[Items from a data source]
● ● ●

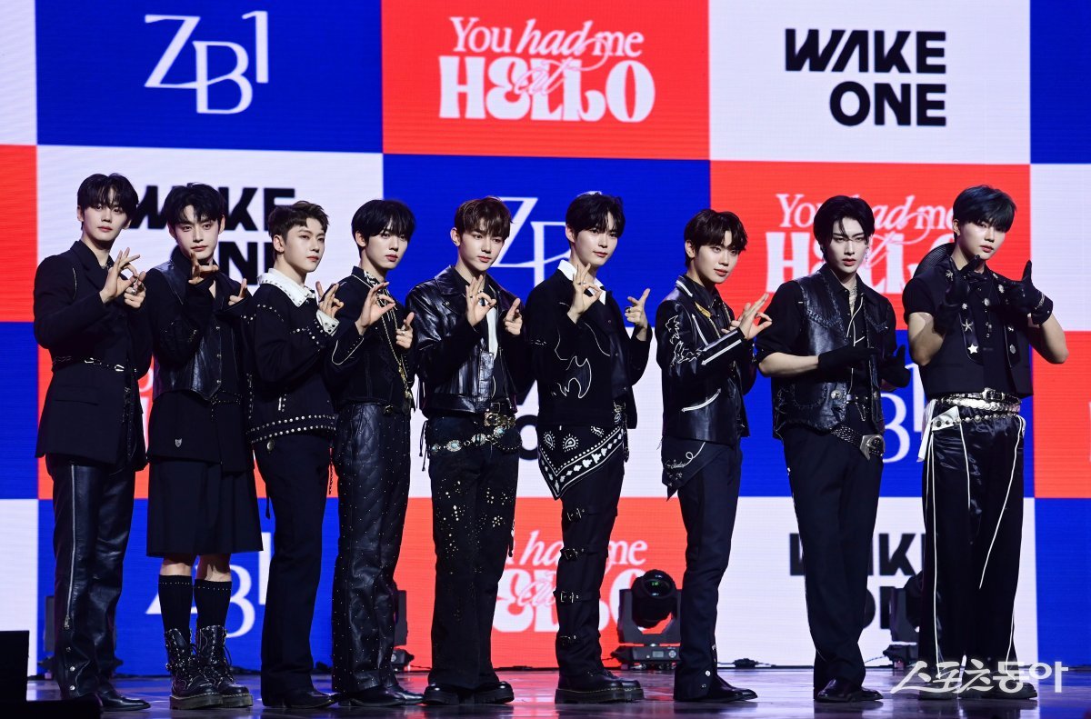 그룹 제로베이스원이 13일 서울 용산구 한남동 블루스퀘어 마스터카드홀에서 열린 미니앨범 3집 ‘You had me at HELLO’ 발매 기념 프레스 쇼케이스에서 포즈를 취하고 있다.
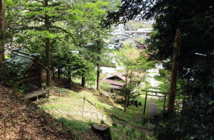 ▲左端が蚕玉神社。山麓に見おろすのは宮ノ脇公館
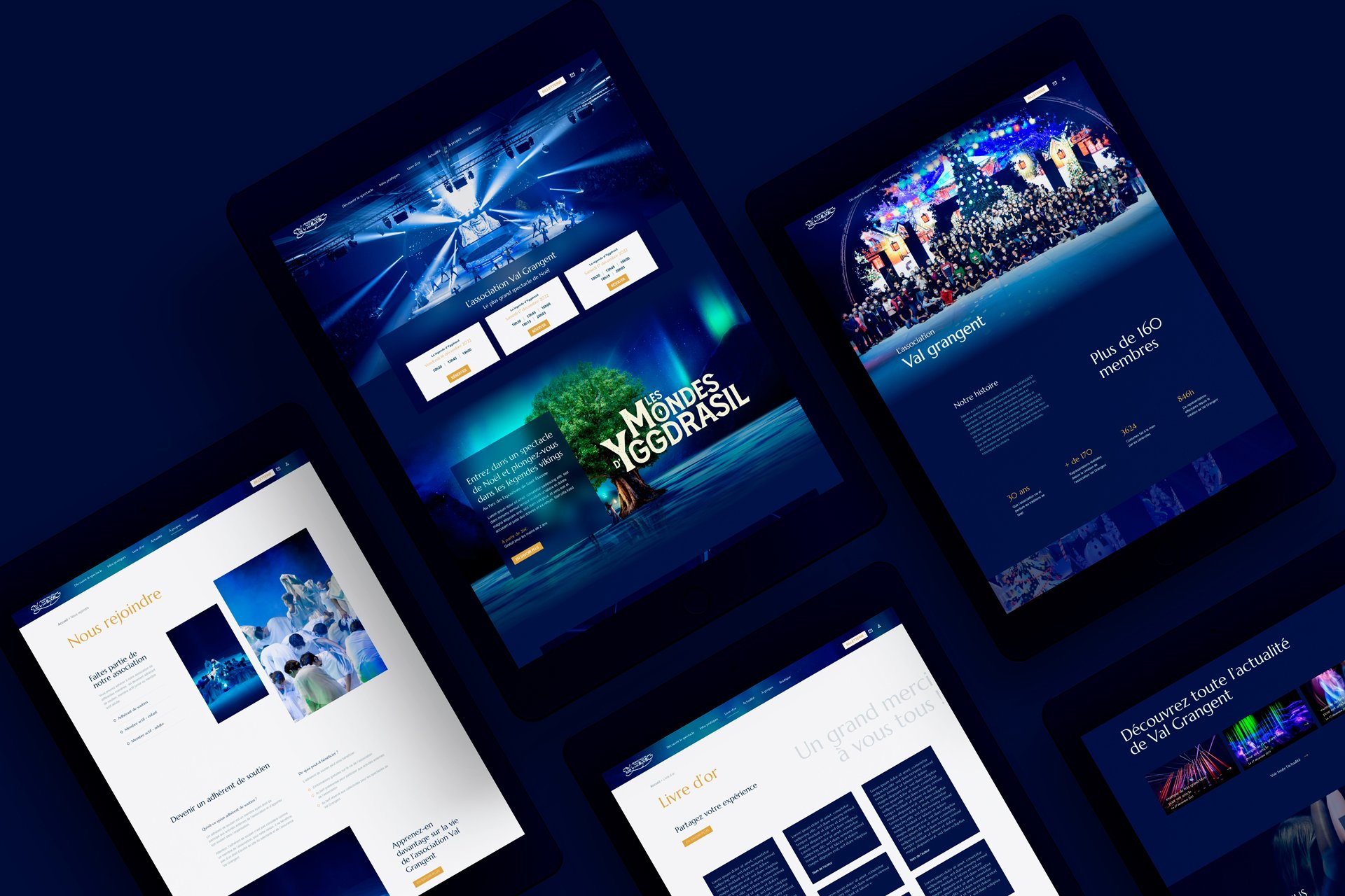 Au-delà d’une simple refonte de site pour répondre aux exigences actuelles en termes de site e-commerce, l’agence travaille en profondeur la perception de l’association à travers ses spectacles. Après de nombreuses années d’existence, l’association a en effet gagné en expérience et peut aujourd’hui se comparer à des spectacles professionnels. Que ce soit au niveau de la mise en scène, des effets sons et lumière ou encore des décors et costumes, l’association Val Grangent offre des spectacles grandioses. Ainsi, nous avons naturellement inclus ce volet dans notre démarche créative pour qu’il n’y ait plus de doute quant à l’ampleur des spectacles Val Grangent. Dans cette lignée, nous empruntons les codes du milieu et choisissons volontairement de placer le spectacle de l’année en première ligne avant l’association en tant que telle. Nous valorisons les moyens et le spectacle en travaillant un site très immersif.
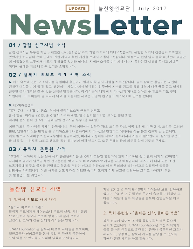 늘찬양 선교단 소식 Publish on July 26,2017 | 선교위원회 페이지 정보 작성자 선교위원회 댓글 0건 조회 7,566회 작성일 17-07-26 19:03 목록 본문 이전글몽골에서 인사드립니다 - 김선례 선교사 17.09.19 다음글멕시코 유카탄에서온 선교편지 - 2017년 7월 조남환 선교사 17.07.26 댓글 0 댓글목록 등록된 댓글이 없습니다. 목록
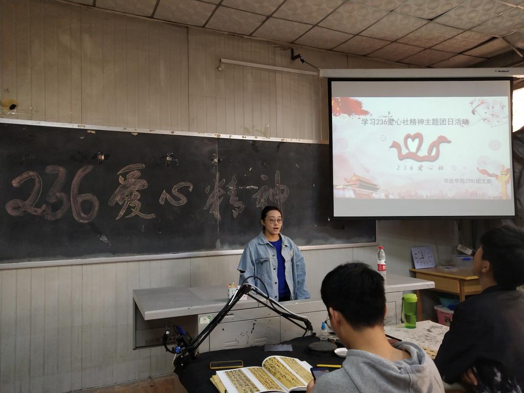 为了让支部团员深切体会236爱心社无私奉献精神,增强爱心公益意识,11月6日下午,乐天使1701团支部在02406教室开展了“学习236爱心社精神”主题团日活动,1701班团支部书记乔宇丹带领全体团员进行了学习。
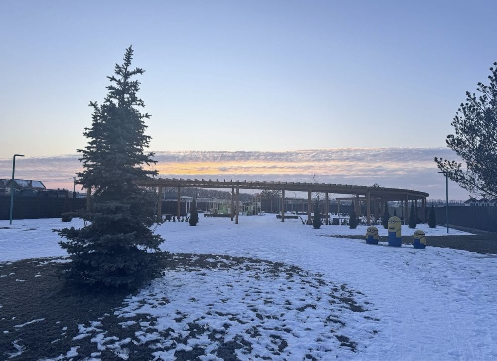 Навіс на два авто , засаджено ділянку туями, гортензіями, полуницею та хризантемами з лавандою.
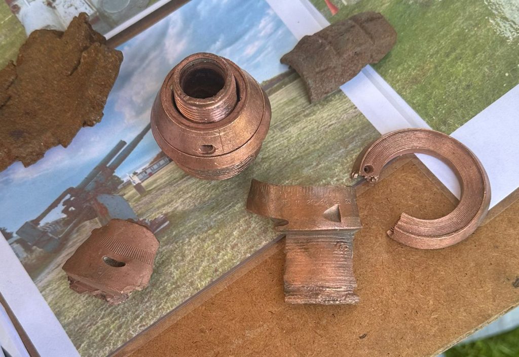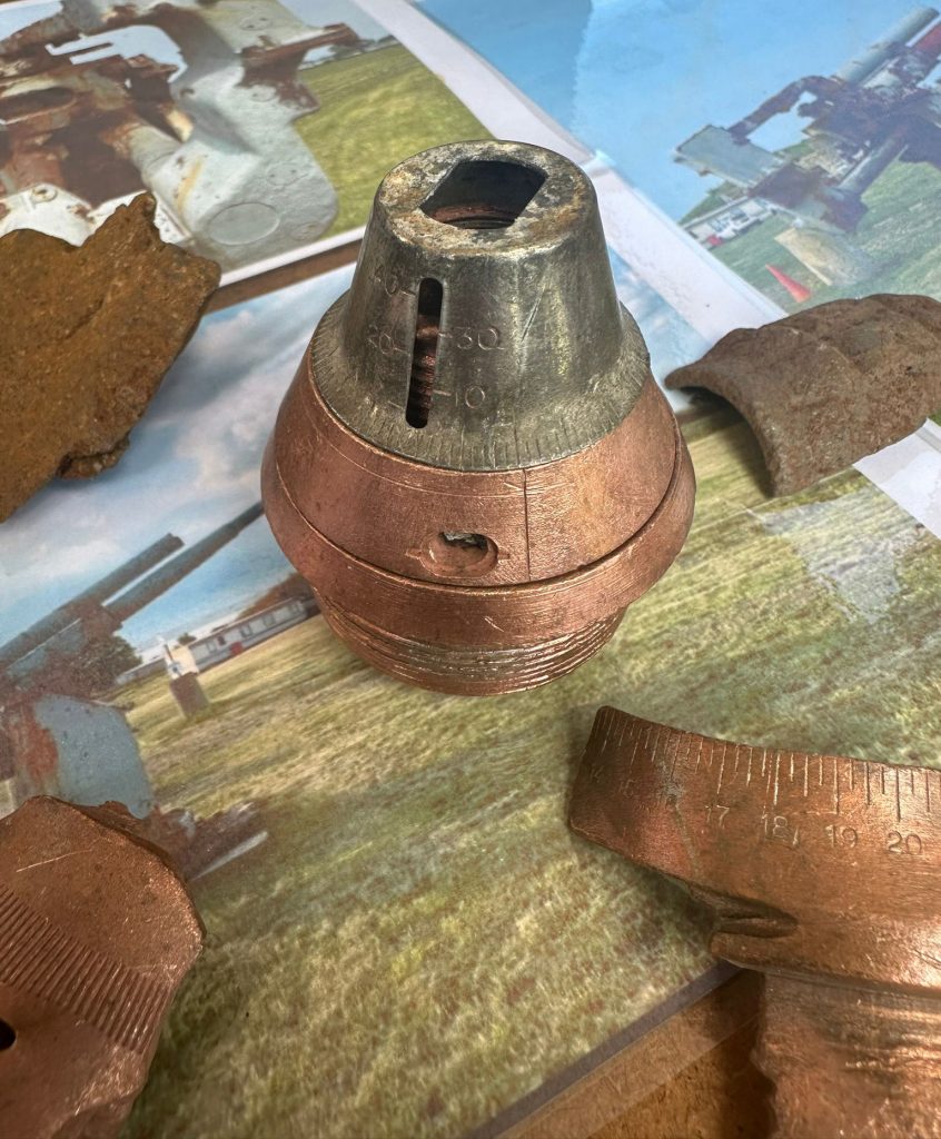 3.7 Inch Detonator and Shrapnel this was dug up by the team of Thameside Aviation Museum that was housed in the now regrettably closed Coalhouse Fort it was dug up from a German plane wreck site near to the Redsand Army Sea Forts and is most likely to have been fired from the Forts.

● ● ●

▶ [About this exercise] The complete set of records should be written out again, pictures excluded.

▶ [Answer for the task]
 그룹 제로베이스원이 13일 서울 용산구 한남동 블루스퀘어 마스터카드홀에서 열린 미니앨범 3집 ‘You had me at HELLO’ 발매 기념 프레스 쇼케이스에서 포즈를 취하고 있다.
 ▲左端が蚕玉神社。山麓に見おろすのは宮ノ脇公館
 Au-delà d’une simple refonte de site pour répondre aux exigences actuelles en termes de site e-commerce, l’agence travaille en profondeur la perception de l’association à travers ses spectacles. Après de nombreuses années d’existence, l’association a en effet gagné en expérience et peut aujourd’hui se comparer à des spectacles professionnels. Que ce soit au niveau de la mise en scène, des effets sons et lumière ou encore des décors et costumes, l’association Val Grangent offre des spectacles grandioses. Ainsi, nous avons naturellement inclus ce volet dans notre démarche créative pour qu’il n’y ait plus de doute quant à l’ampleur des spectacles Val Grangent. Dans cette lignée, nous empruntons les codes du milieu et choisissons volontairement de placer le spectacle de l’année en première ligne avant l’association en tant que telle. Nous valorisons les moyens et le spectacle en travaillant un site très immersif.
 늘찬양 선교단 소식 Publish on July 26,2017 | 선교위원회 페이지 정보 작성자 선교위원회 댓글 0건 조회 7,566회 작성일 17-07-26 19:03 목록 본문 이전글몽골에서 인사드립니다 - 김선례 선교사 17.09.19 다음글멕시코 유카탄에서온 선교편지 - 2017년 7월 조남환 선교사 17.07.26 댓글 0 댓글목록 등록된 댓글이 없습니다. 목록
 为了让支部团员深切体会236爱心社无私奉献精神,增强爱心公益意识,11月6日下午,乐天使1701团支部在02406教室开展了“学习236爱心社精神”主题团日活动,1701班团支部书记乔宇丹带领全体团员进行了学习。
 Навіс на два авто , засаджено ділянку туями, гортензіями, полуницею та хризантемами з лавандою.
 3.7 Inch Detonator and Shrapnel this was dug up by the team of Thameside Aviation Museum that was housed in the now regrettably closed Coalhouse Fort it was dug up from a German plane wreck site near to the Redsand Army Sea Forts and is most likely to have been fired from the Forts.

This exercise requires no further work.